Sezon grzewczy w pełni. Pełną parą pracują też kotłownie ogrzewające prywatne posesje. Efekty w postaci różnej barwy dymów są łatwe do zauważenia i wyczucia. Społeczeństwo, uświadamiane przez nagłaśniające temat smogu media, coraz częściej reaguje na podejrzane przypadki. Straż Miejska w Starachowicach potwierdza, że otrzymuje całkiem dużo takich zgłoszeń. Sama także prowadzi kontrole.
Jednak mocny, czy czarny dym nie zawsze świadczy o spalaniu czegoś niewłaściwego.
Gęsty, ciemny dym towarzyszy także zapaleniu się nagromadzonej w kominie sadzy.
Strażnicy sprawdzili także sygnał zgłoszony przez naszą redakcję, a dotyczący jednego z zakładów przemysłowych.

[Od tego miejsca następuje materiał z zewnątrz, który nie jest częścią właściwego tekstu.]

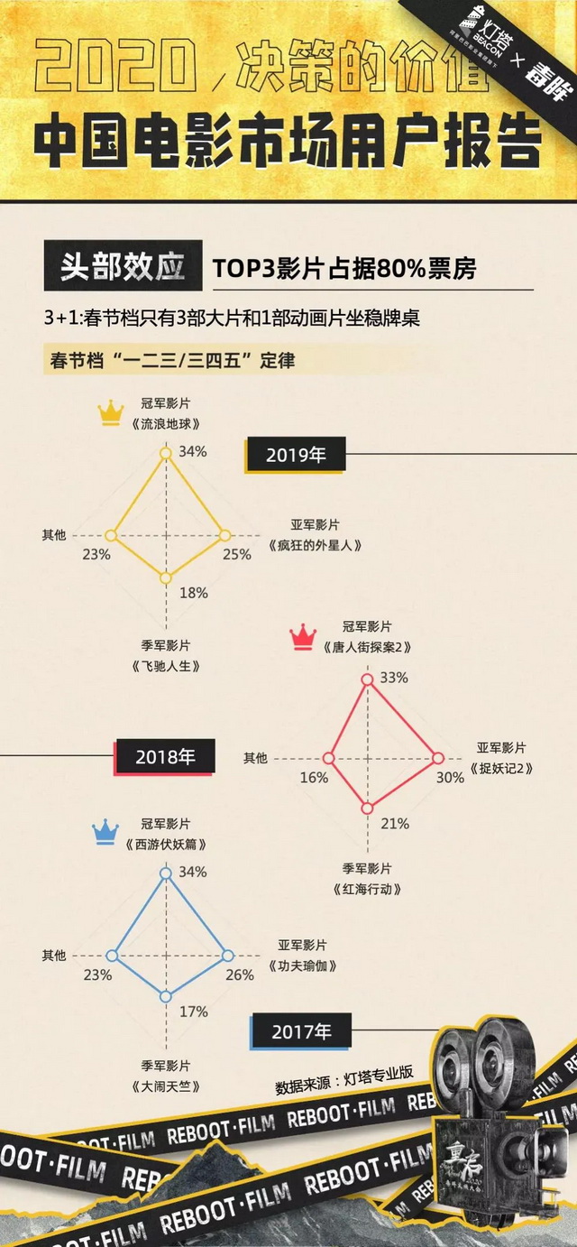 根据毒眸联合灯塔研究院发布的《2020中国电影市场用户报告》,过去三年春节档都体现出较强的头部效应,由三部头部电影收获了80%的票房,另外动画电影《熊出没》系列保持着稳定的票房产出,形成“3+1”或者“4+1”的票房格局。

Z bardzo ciekawą propozycją wyszła Straż Miejska w Kielcach. Jej funkcjonariusze uczą mieszkańców prawidłowego rozpalania w piecach. Strażnicy wożą ze sobą dwa piece typu „koza” i udowadniają, że da się rozniecić ogień bez gryzącego dymu. Pokazy są organizowane w niedziele w pobliżu kościołów zaraz po mszach.